Tiptree, James, Jr. Her Smoke Rose Up Forever. Sauk City, WI: Arkham House, 1990.

Alice Sheldon, a clinical psychologist who wrote science fiction as “James Tiptree Jr.,” was a candle who burned fast and bright. Though she published a couple of comparatively weak novels before her suicide in 1987, all her important short fiction appeared between 1970 and 1977. I read much of it as it appeared, in magazines and original anthologies, and I was as taken as everyone else with the focus and literary richness of her style and with the electric impact produced by the content of what she wrote. Before anyone knew who she really was, Robert Silverberg famously described “Tiptree” as quintessentially male.
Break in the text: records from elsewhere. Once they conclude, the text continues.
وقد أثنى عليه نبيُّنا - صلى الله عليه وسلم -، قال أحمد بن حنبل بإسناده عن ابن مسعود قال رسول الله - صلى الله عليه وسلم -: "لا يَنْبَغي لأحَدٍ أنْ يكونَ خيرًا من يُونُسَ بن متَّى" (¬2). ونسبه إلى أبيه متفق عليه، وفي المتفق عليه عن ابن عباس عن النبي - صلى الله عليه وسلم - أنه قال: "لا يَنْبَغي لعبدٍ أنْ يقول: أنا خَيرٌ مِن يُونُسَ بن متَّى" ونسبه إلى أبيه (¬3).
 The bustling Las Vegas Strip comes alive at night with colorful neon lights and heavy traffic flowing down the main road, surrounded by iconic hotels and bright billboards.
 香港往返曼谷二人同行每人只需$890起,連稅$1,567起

But it’s flatly impossible to read “Houston, Houston, Do You Read?” — in my opinion, the very best piece in this volume and one of the most important SF short stories of the past half-century — and to imagine that the author was anything other than an extremely thoughtful and aware woman. “The Girl Who Was Plugged In” is more the “standard” sort of story, and very well written, too, but it simply doesn’t carry the weight of “The Women Men Don’t See” or “A Momentary Taste of Being” or the title story. Sheldon was a product of her time, and it’s unlikely a writer like this, with this sort of eye-opening agenda could appear again. Which is all the more reason to read and appreciate her work. (2/04/06)

Busiek, Kurt. Astro City: Confession. La Jolla: Homage Comics, 1997.
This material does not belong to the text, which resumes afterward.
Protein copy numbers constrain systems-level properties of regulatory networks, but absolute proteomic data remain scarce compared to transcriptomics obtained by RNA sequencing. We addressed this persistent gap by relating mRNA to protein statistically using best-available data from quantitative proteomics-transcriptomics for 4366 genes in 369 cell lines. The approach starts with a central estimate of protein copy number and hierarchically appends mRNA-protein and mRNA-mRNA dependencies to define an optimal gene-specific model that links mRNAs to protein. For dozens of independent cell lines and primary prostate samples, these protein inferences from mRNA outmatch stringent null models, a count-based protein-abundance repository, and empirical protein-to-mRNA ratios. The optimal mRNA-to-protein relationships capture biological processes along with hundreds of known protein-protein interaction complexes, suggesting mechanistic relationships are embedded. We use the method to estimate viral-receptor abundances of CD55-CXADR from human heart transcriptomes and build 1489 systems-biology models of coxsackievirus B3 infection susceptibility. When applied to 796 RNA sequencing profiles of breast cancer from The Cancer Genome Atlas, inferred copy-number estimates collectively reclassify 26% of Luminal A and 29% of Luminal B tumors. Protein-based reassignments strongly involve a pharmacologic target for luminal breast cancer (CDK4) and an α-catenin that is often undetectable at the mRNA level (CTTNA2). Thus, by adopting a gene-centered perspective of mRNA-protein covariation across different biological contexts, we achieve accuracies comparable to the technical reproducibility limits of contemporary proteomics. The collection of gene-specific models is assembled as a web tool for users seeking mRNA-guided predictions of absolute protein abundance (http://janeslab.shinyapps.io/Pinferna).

I’ve read a number of the “Astro City” graphic novel series by now, and it’s a good thing, because Busiek doesn’t generally bother with back-story. But this one is better than most I’ve seen, probably because it’s a continuous story arc, not a collection of individual short stories. The P.O.V. is that of teenage Brian, newly arrived in the big city, whose busboy job results in his being recruited as a sidekick by the Confessor, a Catholic superhero with deep secrets. Brian’s new role as “Altar Boy” takes him into superhero society, where he learns that things aren’t always as heroic as outsiders think. There’s a theme of distrust of power here, too, that feels very contemporary eight years after the book appeared. Brent Anderson’s artwork is very good and the early scenes, set in a superheroes’ bar, are a hoot. (1/29/06)

Nosé, Michiko Rico & Michael Freeman. Japan Modern: New Ideas for Contemporary Living. North Clarendon, VT: Tuttle/Periplus, 2000.

I’ve long been interested in the Japanese approach to design of all sorts, but especially architecture. Coming from a much different tradition, the solutions to problems and needs for shelter are often very different than those arrived at by architects with Euro-American tastes and training. Some of the examples depicted so beautifully and discussed so shrewdly in this volume are rooted strongly in Japan’s history, such as an old farmhouse relocated to Tokyo and fitted into an urban neighborhood. Others are playful, like the house with a lawn on the peaked roof, watered by a sprinkler system on the ridgepole, and with the courtyard floored in clay roof tiles. There’s a two-story “miniature” house with a footprint not much larger than two parking spaces, but which still manages to be a very comfortable environment for actually living in. And, naturally, there are structures *so* experimental, you might not realize they were houses if you weren’t told. There are homes in this collection I would love to live in, and others that would probably give me nightmares, but all of them are fascinating. (1/29/06)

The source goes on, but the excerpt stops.